Post Holdings Announces SPAC
Yesterday Post Holdings company announced the formation of a special purpose acquisition company (SPAC) entitled Post Holdings Partnering Corporation (PHPC). The blank check company — one of a horde of new SPACs across a variety of industries — plans to list on the New York Stock Exchange with the intent of raising $400 million.
Though the company has not yet selected a target business for merger or acquisition, in a filing with the Securities and Exchange Commission (SEC), Post announced PHPC will primarily focus on the consumer packaged goods industry, building on its management team’s experience.
PHPC will be led by CIO and President Robert Vitale, who has been the CEO of Post Holdings since 2014 and also serves as the executive chairman of Post spinoff company Bellring Brands. Also involved will be CFO Bradly Harper, who has also served as SVP and chief administrative officer of Post since 2018.

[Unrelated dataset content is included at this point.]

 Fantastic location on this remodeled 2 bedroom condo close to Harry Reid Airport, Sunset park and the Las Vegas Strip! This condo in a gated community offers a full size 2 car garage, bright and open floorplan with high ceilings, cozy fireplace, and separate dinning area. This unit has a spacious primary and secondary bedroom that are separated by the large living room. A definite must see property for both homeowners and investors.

The SPAC will look to invest in differentiated companies that can ward off competition, and have strong margins alongside limited capital needs. The filing also notes that the goal is to merge with or acquire a company that has “multiple paths” to seeing success, and can support becoming a platform of brands through M&A. Brands that are in categories where there is still room for growth, either because of a lack of competitors or more consumer demand than supply are particularly appealing. SPACs need to deploy their capital within 24 months or else return their money to investors.
Post Holdings began as a spin off from Ralcorp Holdings in 2012, and since then has grown to become a $6.6 billion business as of fiscal year 2020, largely through 16 acquisitions.
“To achieve these results, Post has transformed from a single-product participant in a secularly declining category into a growing, diversified enterprise across multiple categories,” the filing states. “Post’s history is rooted in M&A as a lever for value-creation against an ever-evolving CPG category backdrop.”
Under Post Holdings, the company’s corporate team focuses on M&A and the company’s financials while its six business units are each run by a separate management team that concentrates on operations. Those business units include: Post Consumer Brands (which holds the company’s cereal portfolio and Peter Pan nut butter business), Weetabix, a refrigerated retail brands division, foodservice focused Michael Foods, Bellring Brands and 8th Avenue Food and Provisions.
By forming PHPC, Post hopes to be able to work with brands that might not fit within Post’s current structure, due to their size, focus area or company makeup. In return, PHPC will offer businesses a quick way to go public, as well as access to capital and the advice of a seasoned management team.
While the idea of a SPAC is new for the company, Post has looked to other, related, means of generating capital: In 2019 Post held an IPO for Bellring Brands, which includes Premier Protein, Joint Juice and PowerBar, maintaining a 71.2% ownership stake in the business. Meanwhile, in 2018 Post sold 39.5% of 8th Avenue, its private brands business which also holds the Attune cereals portfolio, to private equity firms.
“Central to Post’s value creation strategy is the simple notion of accessing capital at a reasonable cost and investing the capital in consumer assets with appropriate risk-adjusted return potential,” the filing notes. “Post management views the market for blank check companies as a natural extension of this strategy of leveraging its capital base through creative financial structures.”
While Post itself has never had a SPAC before, over the last year more and more food and beverage focused companies have taken this approach as a means of generating capital while eschewing going to private investors or taking on the arduous task of mounting an IPO. Most recently, earlier this month, biltong brand Stryve Foods merged with SPAC Andina Acquisition Corp. Additionally, earlier this year, private equity firm CAVU and holding company Human Corporation announced their own SPAC, as has Zevia shareholder NGEN Partners.